The pain that sickle cell patients undergo and the their parents is another topic is under study in the novel. It is torture for a woman to bury her children one after the other to the deadly blood cell disorder. While not denying the concept of Abiku, the writer elevates medicine above the Nigerian superstition when Akin's mother describes the dead children as belonging to the spirit world of Abiku that is born to die again in repeated circles. That is why she advised that Olamide be mutilated and beaten with cane so that the imprint of the effect will be seen on her should she decide to come back. Unknown to Akin's mother, Dotun is the carrier of the red blood disorder.
The writer leaves the reader in no doubt that she is a student of African folklore in the way she adopted popular folktales like Olurunmbi who reneges on her promise to give back her first child to the Iroko tree that helped her locate her missing parents. It also hints on the importance of family. The most affected are who have lost either or both parents. It is part of Yejide's loneliness that made her sit by the door of her stepmothers for the stories they told.

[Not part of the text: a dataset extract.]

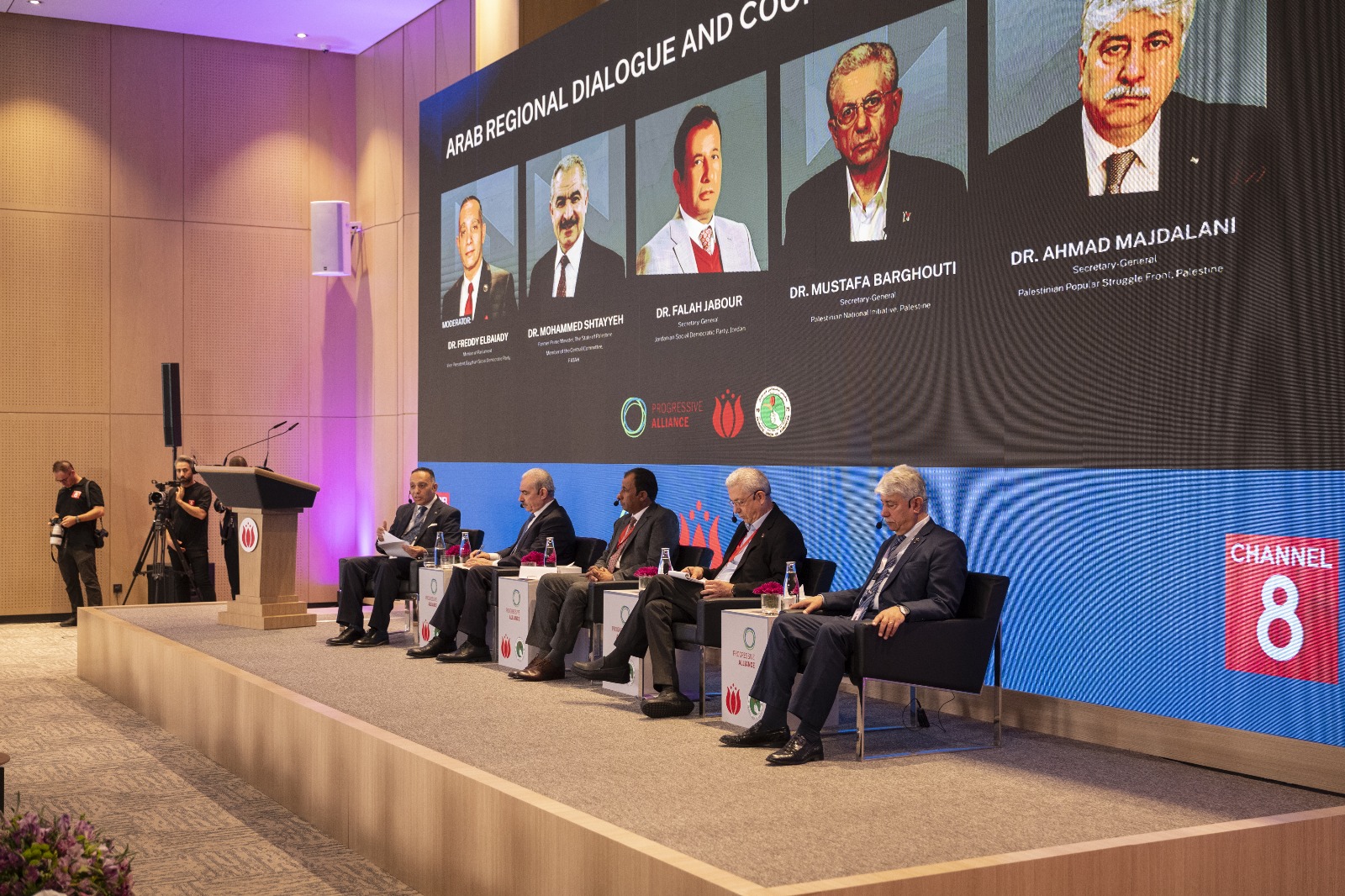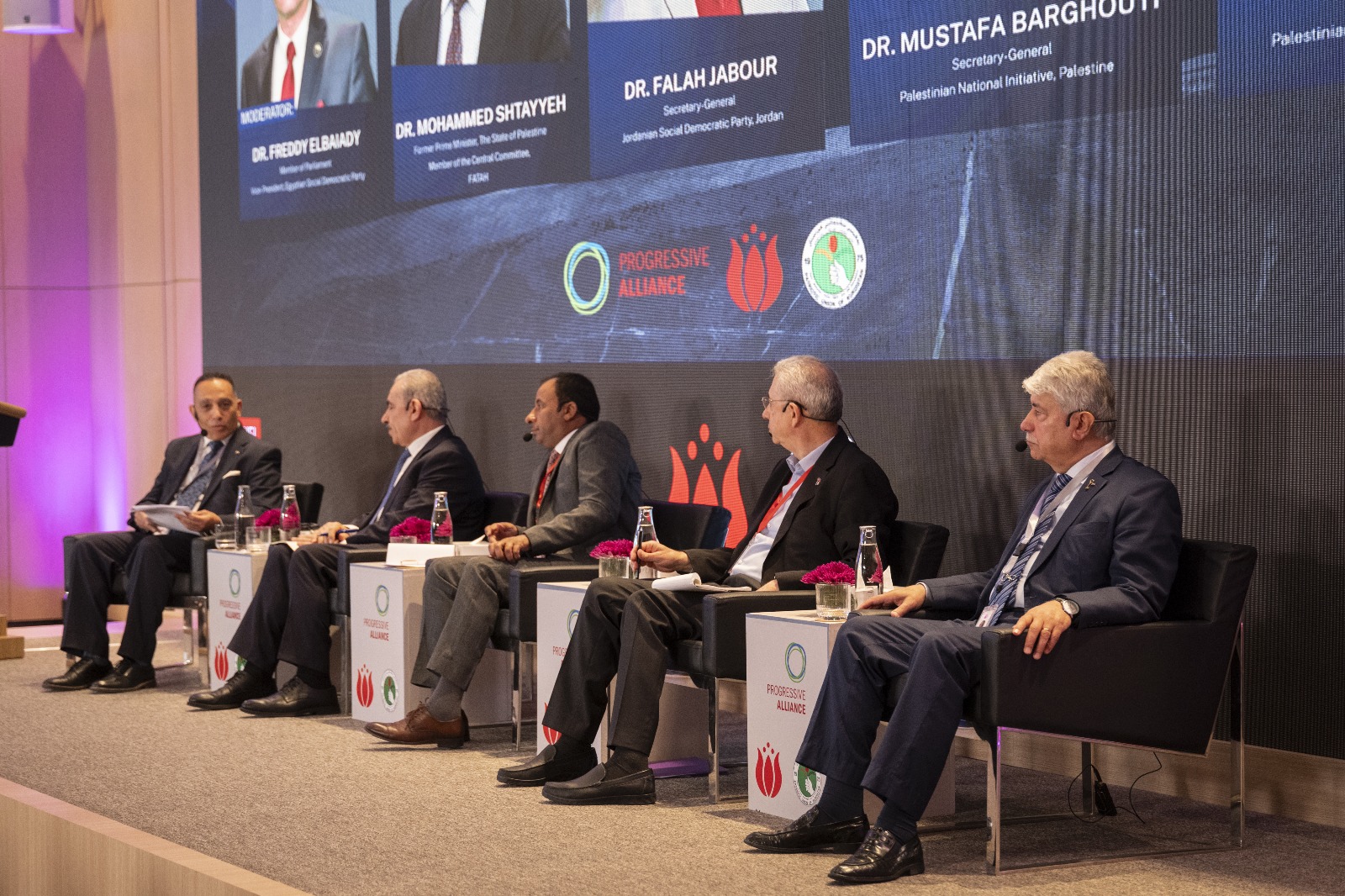 وشارك في الندوة: د. أحمد مجدلاني الأمين العام لجبهة النضال الشعبي الفلسطيني، ود. محمد اشتية عضو اللجنة المركزية لحركة فتح، ود. مصطفى البرغوثي الأمين العام لحركة المبادرة الوطنية الفلسطينية، ود. فلاح جبور الأمين العام للحزب الاجتماعي الديمقراطي الأردني، فيما أدار الجلسة د. فريدي البياضي نائب رئيس الحزب المصري الديمقراطي الاجتماعي.
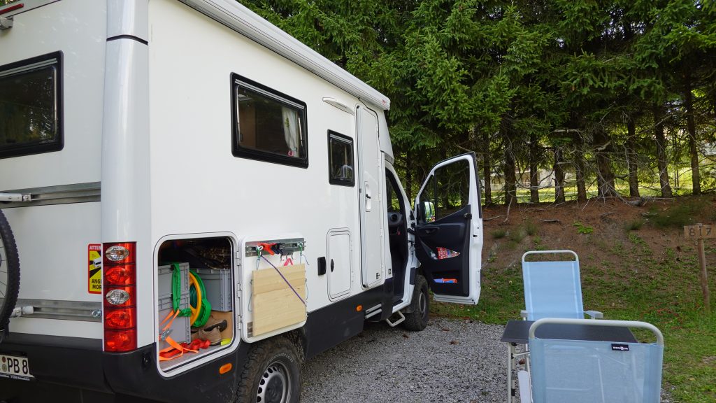 Es ist das vierte Mal das wir diese Tour fahren. 1992 das erste Mal mit dem Motorrad, eine Woche lang Pässe jagen. Das 2. Mal 10 Tage mit dem Mazda M5 gemütliches cruisen. Dann 2015 nochmal mit dem Motorrad allerdings von 2 festen Stationen aus. Und nun mit dem R2F2 – Wir hatten erstmal vor nochmal die Hauptpässe zu fahren. Wobei einige diesmal wegen unseres Gesamtgewichts für uns verschlossen bleiben, aber dafür haben wir uns die Aufgabe gegeben diese Tour nur auf kleinen Straßen zu fahren, keine Autobahn, keine Schnellstraßen, nur weiße und gelbe Landstraßen.

Despite being a great read for anyone who loves reading, there are loose ends in the novel. For instance, Yejide still goes about praying at mountains top for the opening of her womb while there is no mention of sexual intercourse between both Akin and herself. That does not really add up. Another case in point is the silence with which Funmi's family accepted her death without demanding some form of explanations about the cause of her death. In a normal real life setting that the novel tries to portray, people don't accept the death of their loved ones without asking questions. This, the writer fails to do.
Above all, the writer has given to the reader the fact that love will always triumph over every obstacle that life brings.